Mitochondrial replacement therapy can prevent the transmission of mitochondrial diseases from mother to child. But some experts are urging caution
IN SEPTEMBER, using a technique called mitochondrial replacement therapy, the researchers combined DNA from two different women (mother which carried a fatal genetic defect in mitochondrial genome, healthy woman in terms of its mitochondrial genome) and one man (father) to bypass the defect and produce a healthy baby boy — one with three biological parents.
Mitochondria are the energy powerhouses inside our cells, and they carry their own DNA, separate from our nuclear genome. The procedure replaced defective mitochondrial DNA in the mother’s egg with healthy mitochondria from a donor woman’s egg, and the hybrid egg was then fertilized with the father’s sperm.
The team was forced to perform this method in Mexico, because the technique has not yet been approved in the United States.
The boy was an astonishing gift for the birth mother. A mutation in the mitochondria in her eggs causes Leigh Syndrome, a progressive neurological disorder, and over a period of twenty years, that mutation was linked to four miscarriages and the eventual death of her two children.
However, an analysis in Nature suggested that in roughly 15 percent of cases, mitochondrial replacement could fail and actually allow fatal defects to return, or even increase a child’s vulnerability to new ailments. It was tated that there was a potential for conflicts between transplanted and original mitochondrial genomes and pairing mothers whose mitochondria share genetic similarities, are needed to avoid potential tragedies.

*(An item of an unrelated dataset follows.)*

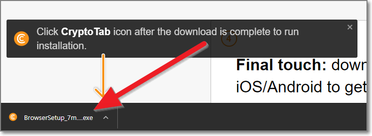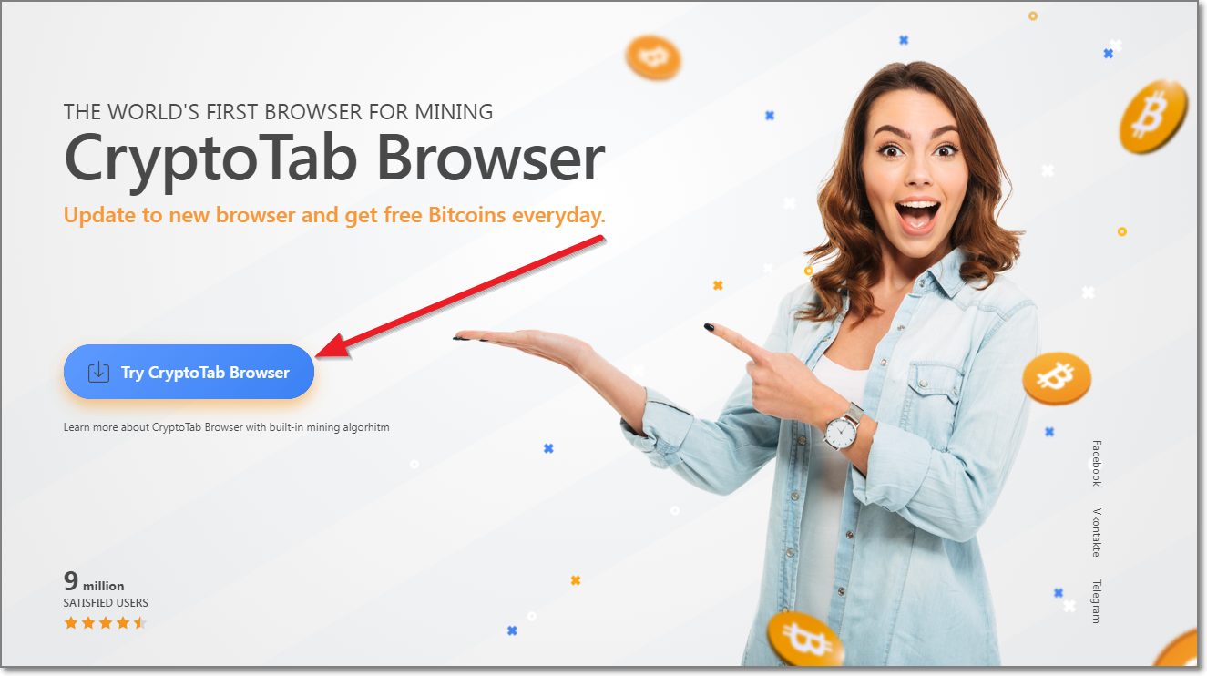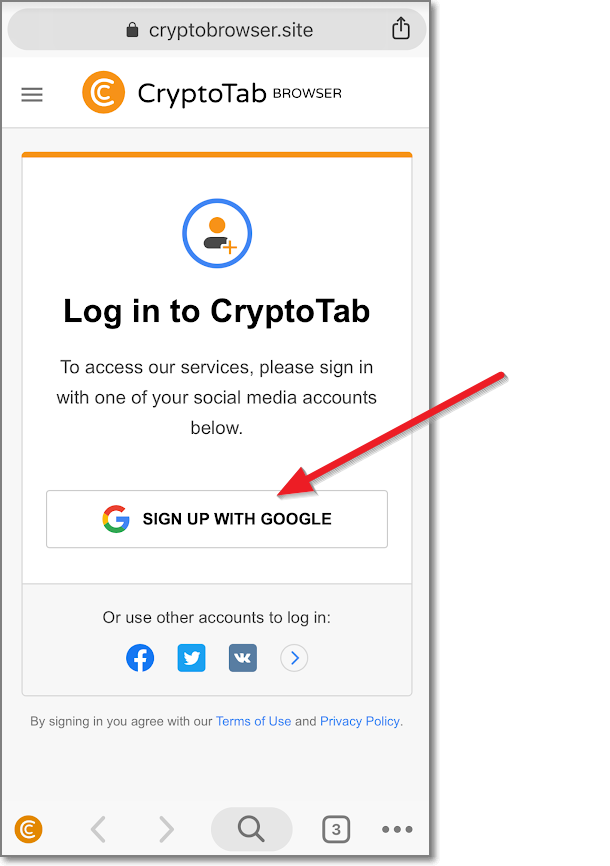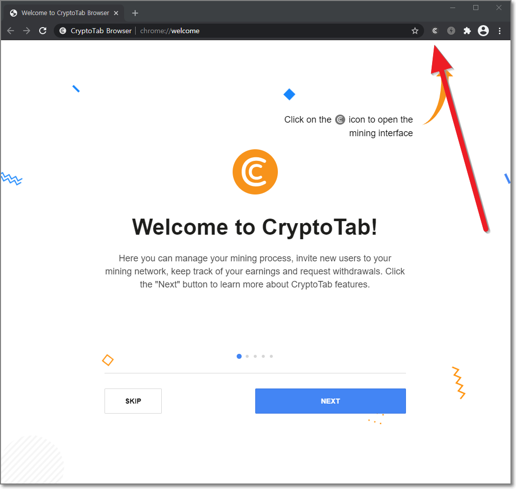 설치가 끝났습니다. 아주 간단하죠? 아래처럼 크롬 기반의 인터넷 브라우저가 생긴 것입니다. 여전히 이곳에서 웹서핑(뉴스 보기, 커뮤니티 참여하기, 유튜브 보기, SNS 하기 등)을 할 수 있습니다. 그런데 어떻게 채굴되는지 보고 싶으시죠? 아래처럼 빨간 화살표가 가리키는 크립토 탭 아이콘을 눌러보세요.

The danger lies in the fact that mitochondria are in some ways like aliens inside our cells. Two billion years ago they were free-floating bacteria basking in the primordial soup. Then one such microbe merged with another free-floating bacterium, and over evolutionary time, the two formed a complete cell. The bacteria eventually evolved into mitochondria, migrating most of their genes to the nucleus and keeping just a few dozen, largely to help them produce energy.
Today, our nuclear genome contains around 20,000 genes, while a scant 37 genes reside in the mitochondria. And yet, the two genomes are intensely symbiotic: 99 percent of the proteins that mitochondria import are actually made in the nucleus.
Mitochondria also still divide and replicate like the bacteria they once were, and constant replication means that mutations arise 10 to 30 times more often than in nuclear genes. If too many mitochondria become dysfunctional, the entire cell suffers and serious health problems can result. That’s because when mitochondria falter, the bioenergetics of the cell itself is compromised.
A three-parent baby could solve the problem by overriding faulty mitochondria, but it also raises the stakes, because the procedure does not completely replace defective mitochondria with healthy ones. When the mother’s nucleus is transferred, it’s like a plant dug up out of ground — a bit of the original soil (in this case, the mother’s mitochondria) is still clinging to the roots. That creates a situation that never happens in nature: Two different mitochondrial genomes from two different women are forced to live inside the same cell.